======== Task material ========

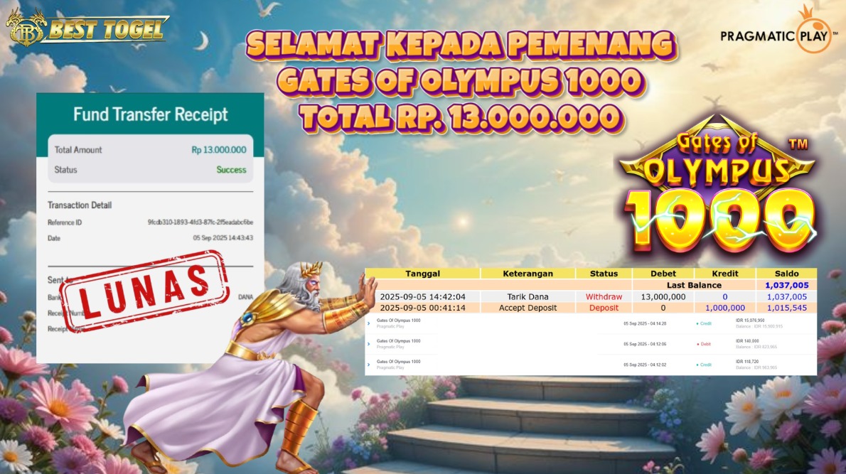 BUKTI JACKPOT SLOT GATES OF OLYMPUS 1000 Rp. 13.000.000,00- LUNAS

========
======== Task material ========

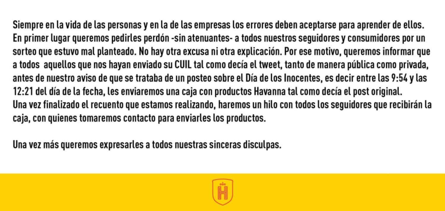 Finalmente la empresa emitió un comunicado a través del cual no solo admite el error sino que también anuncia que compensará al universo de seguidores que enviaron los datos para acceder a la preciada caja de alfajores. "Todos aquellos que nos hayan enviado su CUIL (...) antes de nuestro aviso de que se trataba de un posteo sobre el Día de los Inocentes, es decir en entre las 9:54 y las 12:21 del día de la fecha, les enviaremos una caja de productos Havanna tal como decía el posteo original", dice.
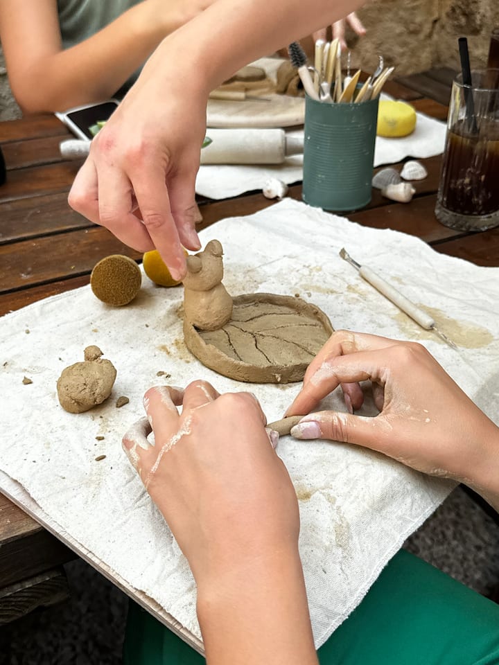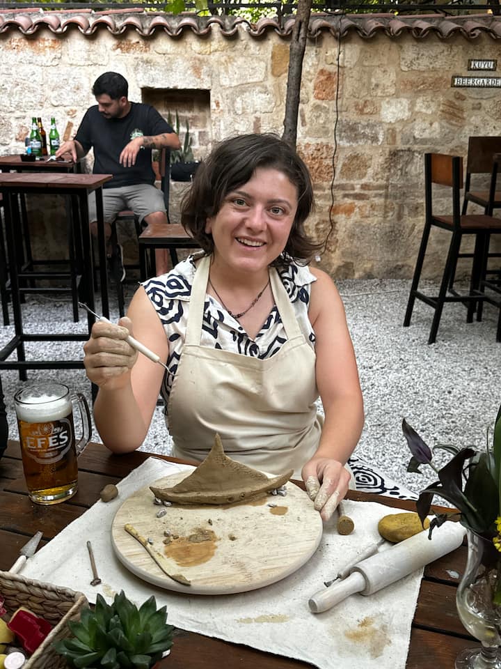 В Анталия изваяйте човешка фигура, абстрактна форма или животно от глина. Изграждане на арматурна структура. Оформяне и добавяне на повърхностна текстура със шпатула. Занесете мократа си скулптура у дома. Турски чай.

========

What you have to do:
Set the pictures aside and transcribe exactly the stretch of lines above, beginning with the one holding "Finalmente la empresa" and ending with the one holding "В Анталия изваяйте".

Result of the exercise:
 Finalmente la empresa emitió un comunicado a través del cual no solo admite el error sino que también anuncia que compensará al universo de seguidores que enviaron los datos para acceder a la preciada caja de alfajores. "Todos aquellos que nos hayan enviado su CUIL (...) antes de nuestro aviso de que se trataba de un posteo sobre el Día de los Inocentes, es decir en entre las 9:54 y las 12:21 del día de la fecha, les enviaremos una caja de productos Havanna tal como decía el posteo original", dice.
 В Анталия изваяйте човешка фигура, абстрактна форма или животно от глина. Изграждане на арматурна структура. Оформяне и добавяне на повърхностна текстура със шпатула. Занесете мократа си скулптура у дома. Турски чай.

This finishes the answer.